Send to Feedbin for iOS

If you install the Feedbin app on iOS/iPadOS, a brand new “Send to Feedbin” action will show up near the bottom of the Share Actions panel. Tapping “Send to Feedbin” will do what it says on the tin.

Safari on iPadOS’s Share Actions dropdown menu, at the bottom is the Send to Feedbin action

Worth noting: You can still use whatever RSS reader you want, but need the Feedbin app for the Share Action. As seen in the screenshot, Reeder has a “Read Later” action, but I get an “Unable to save item” error when I try it. You may have better luck.

Bookmarklet

For everywhere else non-iOS (like your desktop browser) there’s a bookmarklet you can install under the Sources > Pages section of the Feedbin settings screen. Drag the link to your bookmarks bar.

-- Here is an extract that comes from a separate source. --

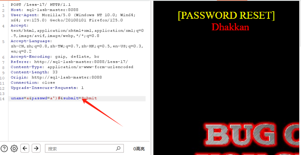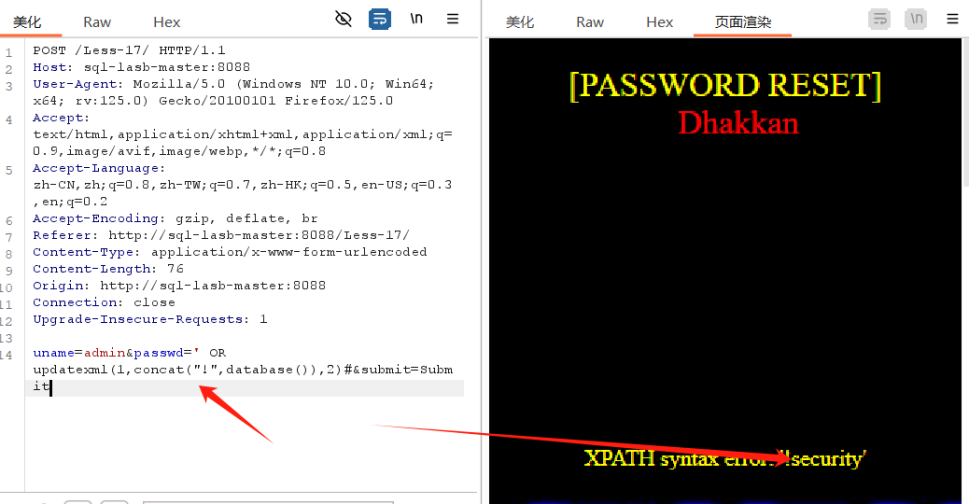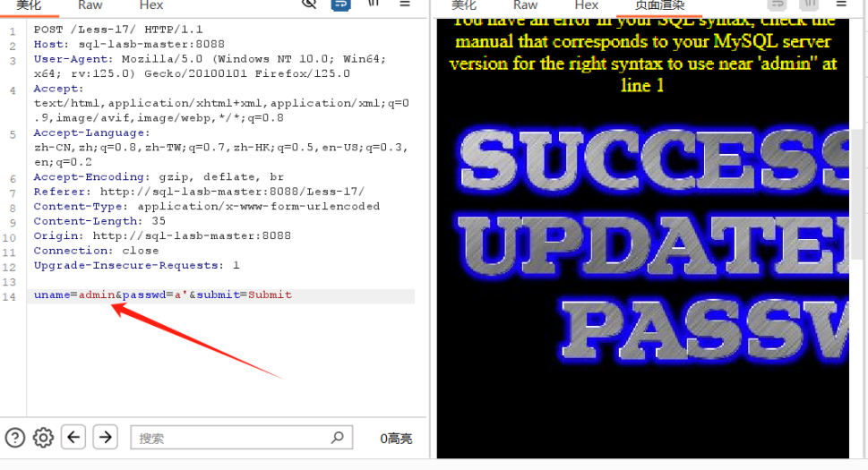 先打开less-17靶场,输入用户密码,跳出来了要更新账户的界面,其实是更新admin密码的操作,接下来输入一个新的密码即可。

Screenshot of the Send to Feedbin Bookmarklet in the Feedbin admin panel

My current browser (Arc) doesn’t support bookmarklets, so I created a Chrome extension using Peter Legierski’s Convert bookmarklet to Chrome extension tool. I could create a downloadable Add to Feedbin extension… but that sounds like work. It would be nice if Feedbin macOS app added the Share Action like the iOS apps, but the custom bookmarklet→extension workaround works fine.

Happy RSS’ing

There’s a really simple syndication pleasure in sending the articles that come across my periphery over to RSS reader rather than keeping 30 tabs open all the time. All my reading in one place™. I love your ideas and want to read them, but I’ll wait until I have more time to pay attention. Warm and dry away from the algorithmic rivers of endless content, I’m back to reading at my leisure. I’m reclaiming my time. I’m rewilding my attention. This is freedom, freedom from the algorithm.